The solution A may further contain, for example, a salt, a cell growth factor, a cytokine, a chemokine, a hormone, a physiologically active peptide, or a pharmaceutical composition as necessary. Examples of the pharmaceutical composition include a therapeutic agent, preventive agent, inhibitor, antibacterial agent, or anti-inflammatory agent for diseases. Examples of the salt include sodium chloride, calcium chloride, sodium hydrogen carbonate, sodium acetate, sodium citrate, potassium chloride, sodium hydrogen phosphate, magnesium sulfate, sodium succinate and the like. One kind of salt may be contained, or two or more kinds of salts may be contained. Salt concentration containing solution of solution A is not particularly limited, for example, 1 × a 10 ^-6 M~2M, preferably 1 × 10 ^-4 M~1M, more preferably 1 × 10 ^-4 M to 0.05M.

  Next, the material that has not been used to form the coating layer A is removed.
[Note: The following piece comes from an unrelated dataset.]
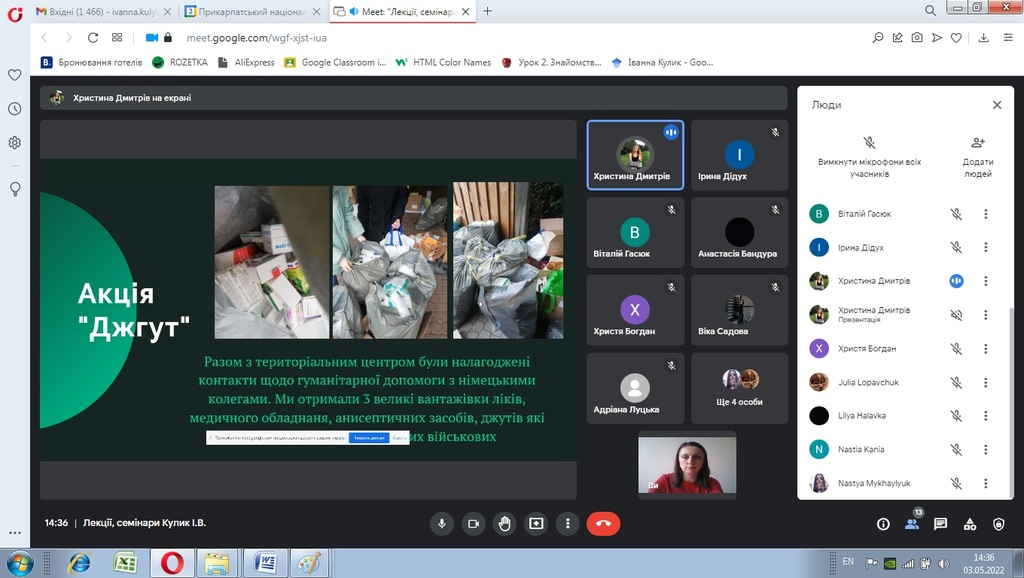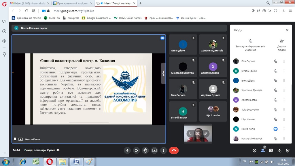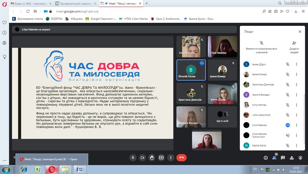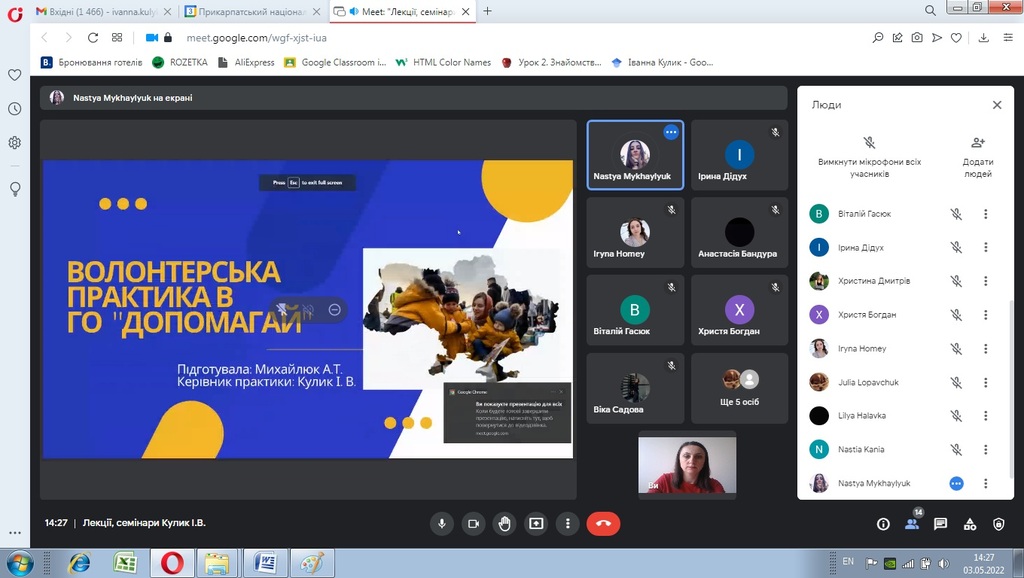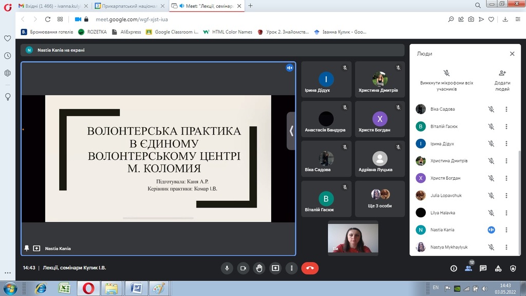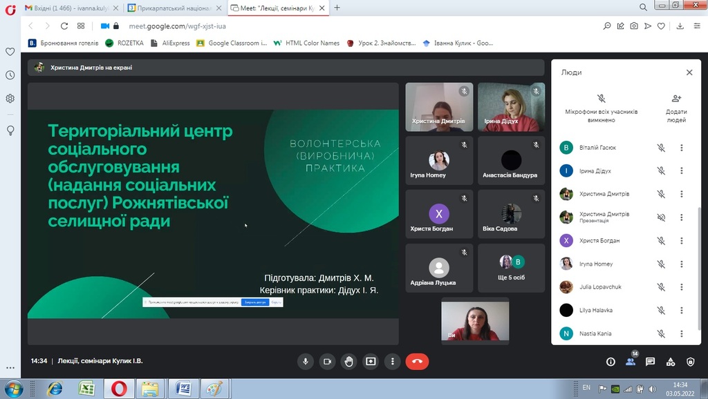 3 травня в онлайн-режимі на платформі Google Meet відбувся захист матеріалів виробничої волонтерської практики студентів групи СР-21 ОП «Соціальна робота», на якому були присутні: Іванна Кулик – факультетський керівник практики, Ірина Дідух та Ірина Комар – керівники-методисти виробничої волонтерської практики.

The removal can be performed by, for example, centrifugation or filtration. The removal by centrifugation can be performed, for example, by centrifuging in a state where the cells are dispersed in the solution A, and then removing the supernatant. Centrifugation conditions can be appropriately determined depending on the type of cells, the concentration of cells, and the composition of inclusions contained in the solution A.

  In addition to the removal of the substance, it is preferable to perform a washing operation. Washing can be performed, for example, by centrifugation or filtration. Washing by centrifugation can be performed, for example, by adding a solvent to the cells from which the supernatant has been removed, and performing centrifugation and removal of the supernatant. The solvent used for washing is preferably the same as the solvent of the solution A.
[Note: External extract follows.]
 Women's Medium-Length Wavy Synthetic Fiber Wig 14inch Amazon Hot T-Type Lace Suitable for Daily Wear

  Next, the cell on which the coating layer A is formed is brought into contact with the solution B. After the contact, preferably, a removal operation of a substance not used for forming the coating layer B and a cleaning operation are performed. Thereby, the coating layer B is formed on the surface of the coating layer A. The contact between the cells and the solution B can be performed in the same manner as the contact with the solution A, except that a substance that interacts instead of the substance having the RGD sequence is used.
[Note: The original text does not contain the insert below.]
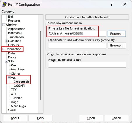 Connection>SSH>Auth>Credentials le chemin vers votre clé privée

  Then, in the same manner as described above, the cells in which the coating layers A and B are respectively formed and contact with the solution A, the removal of substances not used for the subsequent formation of the coating layer A, the washing operation, and the solution B Contact with the substrate, and subsequent removal and cleaning operations are sequentially performed. Thereby, the cell in which the coating layer A and the coating layer B were formed alternately is obtained.

  The formation of the coating layers A and B may be performed by a total number of steps of 4 steps or more, preferably by repeating the above steps so that the total coating layer thickness exceeds 4 nm, more preferably 5 nm or more, more Preferably it is 6 nm or more, More preferably, it is 8 nm or more. The upper limit is not particularly limited, but is, for example, 1000 nm or less, preferably 100 nm or less, and more preferably 30 nm or less. The total number of coating layers A and B may be, for example, 3, 5, 7, 9, 11, 13, 15 or more layers. The thickness of the coating layer can be determined by the QCM measurement method based on the examples.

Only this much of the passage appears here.